(Required action)
Would you retype the listing below exactly as given?

═════ Records provided

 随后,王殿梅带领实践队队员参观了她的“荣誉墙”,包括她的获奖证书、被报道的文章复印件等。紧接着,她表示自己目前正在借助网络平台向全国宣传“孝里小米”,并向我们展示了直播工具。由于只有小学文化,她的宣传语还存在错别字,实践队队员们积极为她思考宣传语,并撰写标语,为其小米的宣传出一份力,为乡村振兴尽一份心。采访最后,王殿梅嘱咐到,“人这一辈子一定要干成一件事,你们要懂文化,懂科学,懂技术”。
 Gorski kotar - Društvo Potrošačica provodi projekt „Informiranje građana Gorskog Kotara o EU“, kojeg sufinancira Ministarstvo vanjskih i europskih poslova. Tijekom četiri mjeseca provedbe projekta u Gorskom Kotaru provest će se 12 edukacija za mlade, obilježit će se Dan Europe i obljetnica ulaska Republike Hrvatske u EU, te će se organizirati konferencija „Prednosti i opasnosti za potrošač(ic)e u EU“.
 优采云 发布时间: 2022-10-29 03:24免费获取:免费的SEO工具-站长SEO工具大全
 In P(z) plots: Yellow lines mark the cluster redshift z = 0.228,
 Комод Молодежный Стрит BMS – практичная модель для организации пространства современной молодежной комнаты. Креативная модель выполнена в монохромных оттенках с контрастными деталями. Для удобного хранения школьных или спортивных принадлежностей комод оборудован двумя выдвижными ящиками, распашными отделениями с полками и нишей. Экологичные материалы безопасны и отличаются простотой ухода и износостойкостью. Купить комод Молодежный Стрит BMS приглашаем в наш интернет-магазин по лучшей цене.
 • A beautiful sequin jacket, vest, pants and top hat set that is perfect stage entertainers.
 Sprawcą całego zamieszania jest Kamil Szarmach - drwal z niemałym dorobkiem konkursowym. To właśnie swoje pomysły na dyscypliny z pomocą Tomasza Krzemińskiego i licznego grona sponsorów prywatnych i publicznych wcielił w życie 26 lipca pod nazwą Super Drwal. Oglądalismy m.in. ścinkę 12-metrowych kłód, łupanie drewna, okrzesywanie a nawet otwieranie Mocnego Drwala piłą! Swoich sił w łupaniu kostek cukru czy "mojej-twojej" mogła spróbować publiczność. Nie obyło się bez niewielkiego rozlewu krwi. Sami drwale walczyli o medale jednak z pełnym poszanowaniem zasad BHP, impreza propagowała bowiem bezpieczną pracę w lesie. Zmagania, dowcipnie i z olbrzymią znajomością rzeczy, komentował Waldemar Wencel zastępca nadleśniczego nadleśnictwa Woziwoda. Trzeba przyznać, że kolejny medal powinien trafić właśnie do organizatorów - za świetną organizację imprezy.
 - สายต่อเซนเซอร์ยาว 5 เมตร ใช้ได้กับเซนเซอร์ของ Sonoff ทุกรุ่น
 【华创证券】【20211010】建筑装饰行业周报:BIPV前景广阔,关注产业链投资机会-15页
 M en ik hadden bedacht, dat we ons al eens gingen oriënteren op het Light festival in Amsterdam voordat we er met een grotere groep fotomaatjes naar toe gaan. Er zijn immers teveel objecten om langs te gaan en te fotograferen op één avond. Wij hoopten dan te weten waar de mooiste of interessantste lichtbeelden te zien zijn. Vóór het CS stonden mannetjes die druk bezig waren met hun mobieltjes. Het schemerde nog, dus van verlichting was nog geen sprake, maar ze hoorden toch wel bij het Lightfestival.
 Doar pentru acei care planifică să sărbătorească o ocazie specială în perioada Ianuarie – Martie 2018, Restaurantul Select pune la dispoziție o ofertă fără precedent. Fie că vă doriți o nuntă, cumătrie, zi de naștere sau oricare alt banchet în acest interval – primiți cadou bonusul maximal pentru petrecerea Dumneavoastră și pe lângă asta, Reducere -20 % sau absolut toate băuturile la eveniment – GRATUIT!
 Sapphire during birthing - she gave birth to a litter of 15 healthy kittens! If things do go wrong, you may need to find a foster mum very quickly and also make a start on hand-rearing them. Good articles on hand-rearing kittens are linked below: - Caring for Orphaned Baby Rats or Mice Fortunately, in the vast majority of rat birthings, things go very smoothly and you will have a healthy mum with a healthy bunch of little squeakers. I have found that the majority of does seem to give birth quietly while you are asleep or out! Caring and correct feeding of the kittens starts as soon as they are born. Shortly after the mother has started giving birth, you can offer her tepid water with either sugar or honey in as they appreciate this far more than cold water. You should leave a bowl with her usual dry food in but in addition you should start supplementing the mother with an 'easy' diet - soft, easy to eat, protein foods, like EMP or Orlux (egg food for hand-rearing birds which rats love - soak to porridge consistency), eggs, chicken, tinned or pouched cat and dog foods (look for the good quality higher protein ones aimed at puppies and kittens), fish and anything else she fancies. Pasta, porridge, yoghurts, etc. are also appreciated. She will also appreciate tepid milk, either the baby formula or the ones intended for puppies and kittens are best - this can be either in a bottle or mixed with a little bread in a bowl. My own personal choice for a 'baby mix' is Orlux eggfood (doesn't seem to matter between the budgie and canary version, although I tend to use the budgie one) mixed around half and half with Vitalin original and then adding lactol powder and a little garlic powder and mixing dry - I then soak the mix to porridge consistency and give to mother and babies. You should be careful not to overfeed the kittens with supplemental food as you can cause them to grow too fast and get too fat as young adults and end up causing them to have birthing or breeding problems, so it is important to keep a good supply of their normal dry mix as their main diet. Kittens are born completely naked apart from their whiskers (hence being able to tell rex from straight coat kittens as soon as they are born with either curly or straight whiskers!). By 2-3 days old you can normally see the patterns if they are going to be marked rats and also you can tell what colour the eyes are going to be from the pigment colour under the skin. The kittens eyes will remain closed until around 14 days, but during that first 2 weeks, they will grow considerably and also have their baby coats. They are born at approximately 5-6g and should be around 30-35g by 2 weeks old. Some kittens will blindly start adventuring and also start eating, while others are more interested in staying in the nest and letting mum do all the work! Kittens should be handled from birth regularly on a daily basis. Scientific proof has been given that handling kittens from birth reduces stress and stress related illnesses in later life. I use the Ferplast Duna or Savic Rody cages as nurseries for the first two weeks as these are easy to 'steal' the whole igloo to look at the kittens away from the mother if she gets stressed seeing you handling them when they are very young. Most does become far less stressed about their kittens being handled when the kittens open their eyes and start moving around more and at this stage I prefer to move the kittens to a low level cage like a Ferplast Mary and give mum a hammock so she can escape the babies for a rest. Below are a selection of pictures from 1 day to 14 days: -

══════════

(Task result)
 随后,王殿梅带领实践队队员参观了她的“荣誉墙”,包括她的获奖证书、被报道的文章复印件等。紧接着,她表示自己目前正在借助网络平台向全国宣传“孝里小米”,并向我们展示了直播工具。由于只有小学文化,她的宣传语还存在错别字,实践队队员们积极为她思考宣传语,并撰写标语,为其小米的宣传出一份力,为乡村振兴尽一份心。采访最后,王殿梅嘱咐到,“人这一辈子一定要干成一件事,你们要懂文化,懂科学,懂技术”。
 Gorski kotar - Društvo Potrošačica provodi projekt „Informiranje građana Gorskog Kotara o EU“, kojeg sufinancira Ministarstvo vanjskih i europskih poslova. Tijekom četiri mjeseca provedbe projekta u Gorskom Kotaru provest će se 12 edukacija za mlade, obilježit će se Dan Europe i obljetnica ulaska Republike Hrvatske u EU, te će se organizirati konferencija „Prednosti i opasnosti za potrošač(ic)e u EU“.
 优采云 发布时间: 2022-10-29 03:24免费获取:免费的SEO工具-站长SEO工具大全
 In P(z) plots: Yellow lines mark the cluster redshift z = 0.228,
 Комод Молодежный Стрит BMS – практичная модель для организации пространства современной молодежной комнаты. Креативная модель выполнена в монохромных оттенках с контрастными деталями. Для удобного хранения школьных или спортивных принадлежностей комод оборудован двумя выдвижными ящиками, распашными отделениями с полками и нишей. Экологичные материалы безопасны и отличаются простотой ухода и износостойкостью. Купить комод Молодежный Стрит BMS приглашаем в наш интернет-магазин по лучшей цене.
 • A beautiful sequin jacket, vest, pants and top hat set that is perfect stage entertainers.
 Sprawcą całego zamieszania jest Kamil Szarmach - drwal z niemałym dorobkiem konkursowym. To właśnie swoje pomysły na dyscypliny z pomocą Tomasza Krzemińskiego i licznego grona sponsorów prywatnych i publicznych wcielił w życie 26 lipca pod nazwą Super Drwal. Oglądalismy m.in. ścinkę 12-metrowych kłód, łupanie drewna, okrzesywanie a nawet otwieranie Mocnego Drwala piłą! Swoich sił w łupaniu kostek cukru czy "mojej-twojej" mogła spróbować publiczność. Nie obyło się bez niewielkiego rozlewu krwi. Sami drwale walczyli o medale jednak z pełnym poszanowaniem zasad BHP, impreza propagowała bowiem bezpieczną pracę w lesie. Zmagania, dowcipnie i z olbrzymią znajomością rzeczy, komentował Waldemar Wencel zastępca nadleśniczego nadleśnictwa Woziwoda. Trzeba przyznać, że kolejny medal powinien trafić właśnie do organizatorów - za świetną organizację imprezy.
 - สายต่อเซนเซอร์ยาว 5 เมตร ใช้ได้กับเซนเซอร์ของ Sonoff ทุกรุ่น
 【华创证券】【20211010】建筑装饰行业周报:BIPV前景广阔,关注产业链投资机会-15页
 M en ik hadden bedacht, dat we ons al eens gingen oriënteren op het Light festival in Amsterdam voordat we er met een grotere groep fotomaatjes naar toe gaan. Er zijn immers teveel objecten om langs te gaan en te fotograferen op één avond. Wij hoopten dan te weten waar de mooiste of interessantste lichtbeelden te zien zijn. Vóór het CS stonden mannetjes die druk bezig waren met hun mobieltjes. Het schemerde nog, dus van verlichting was nog geen sprake, maar ze hoorden toch wel bij het Lightfestival.
 Doar pentru acei care planifică să sărbătorească o ocazie specială în perioada Ianuarie – Martie 2018, Restaurantul Select pune la dispoziție o ofertă fără precedent. Fie că vă doriți o nuntă, cumătrie, zi de naștere sau oricare alt banchet în acest interval – primiți cadou bonusul maximal pentru petrecerea Dumneavoastră și pe lângă asta, Reducere -20 % sau absolut toate băuturile la eveniment – GRATUIT!
 Sapphire during birthing - she gave birth to a litter of 15 healthy kittens! If things do go wrong, you may need to find a foster mum very quickly and also make a start on hand-rearing them. Good articles on hand-rearing kittens are linked below: - Caring for Orphaned Baby Rats or Mice Fortunately, in the vast majority of rat birthings, things go very smoothly and you will have a healthy mum with a healthy bunch of little squeakers. I have found that the majority of does seem to give birth quietly while you are asleep or out! Caring and correct feeding of the kittens starts as soon as they are born. Shortly after the mother has started giving birth, you can offer her tepid water with either sugar or honey in as they appreciate this far more than cold water. You should leave a bowl with her usual dry food in but in addition you should start supplementing the mother with an 'easy' diet - soft, easy to eat, protein foods, like EMP or Orlux (egg food for hand-rearing birds which rats love - soak to porridge consistency), eggs, chicken, tinned or pouched cat and dog foods (look for the good quality higher protein ones aimed at puppies and kittens), fish and anything else she fancies. Pasta, porridge, yoghurts, etc. are also appreciated. She will also appreciate tepid milk, either the baby formula or the ones intended for puppies and kittens are best - this can be either in a bottle or mixed with a little bread in a bowl. My own personal choice for a 'baby mix' is Orlux eggfood (doesn't seem to matter between the budgie and canary version, although I tend to use the budgie one) mixed around half and half with Vitalin original and then adding lactol powder and a little garlic powder and mixing dry - I then soak the mix to porridge consistency and give to mother and babies. You should be careful not to overfeed the kittens with supplemental food as you can cause them to grow too fast and get too fat as young adults and end up causing them to have birthing or breeding problems, so it is important to keep a good supply of their normal dry mix as their main diet. Kittens are born completely naked apart from their whiskers (hence being able to tell rex from straight coat kittens as soon as they are born with either curly or straight whiskers!). By 2-3 days old you can normally see the patterns if they are going to be marked rats and also you can tell what colour the eyes are going to be from the pigment colour under the skin. The kittens eyes will remain closed until around 14 days, but during that first 2 weeks, they will grow considerably and also have their baby coats. They are born at approximately 5-6g and should be around 30-35g by 2 weeks old. Some kittens will blindly start adventuring and also start eating, while others are more interested in staying in the nest and letting mum do all the work! Kittens should be handled from birth regularly on a daily basis. Scientific proof has been given that handling kittens from birth reduces stress and stress related illnesses in later life. I use the Ferplast Duna or Savic Rody cages as nurseries for the first two weeks as these are easy to 'steal' the whole igloo to look at the kittens away from the mother if she gets stressed seeing you handling them when they are very young. Most does become far less stressed about their kittens being handled when the kittens open their eyes and start moving around more and at this stage I prefer to move the kittens to a low level cage like a Ferplast Mary and give mum a hammock so she can escape the babies for a rest. Below are a selection of pictures from 1 day to 14 days: -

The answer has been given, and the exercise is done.